Sept. 21 is POW/MIA Day

This chair and table will remain vacant until all POW/MIA are accounted for.

More than 83,000 Americans are missing from World War II, the Korean War, the Cold War, the Vietnam War, and the 1991 Gulf War, but last August, the remains of Starke County’s last known Vietnam POW/MIA, U.S. Army Chief Warrant Officer Andy Howe, were returned to Starke County. Forty years after his helicopter was shot down in Vietnam, Howes returned home to a hero’s welcome.

In honor of those missing or lost, the third Friday in September is nationally observed as POW/MIA day. This year, that date falls on Sept. 21.

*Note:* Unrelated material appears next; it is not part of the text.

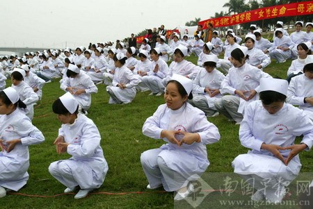 当日早上还不到8时,离放生活动开始还有两个小时,广西中医学院护理学院的女生们就陆陆续续来到了江滨公园活动现场。还不到9时,400多名女大学生就已经全部到齐。她们不顾初春早上的寒冷,纷纷换上了洁白的标准三件套护士服。有的女生对着镜子开始盘发带上了护士帽,有的脱下外大衣穿上了护士服,有的三五成群地聚在一起互相检查着对方的仪容,大家都兴奋地等待着活动的开始。

Veterans of Foreign Wars Post 748 Commander Bob Sims says the POW/MIA flag is flown 365 days a year at every VFW post. A POW/MIA table and an empty chair with a POW/MIA cover are also at every meeting, conference, and convention, and Sims says those will remain there until all missing or lost are accounted for.

The remains of Howes were returned by the Vietnamese government and identified in Hawaii through advanced DNA-identification techniques before being returned to Starke County, but many remain missing or lost. Hundreds of Department of Defense men and women work in organizations around the world as part of the department’s personnel recovery and accounting committees.

This Friday, as the country remembers, honors, and prays for those who are still unaccounted for, Americans must also remember the families of those lost overseas who continue to wait with baited breath for word on their loved ones.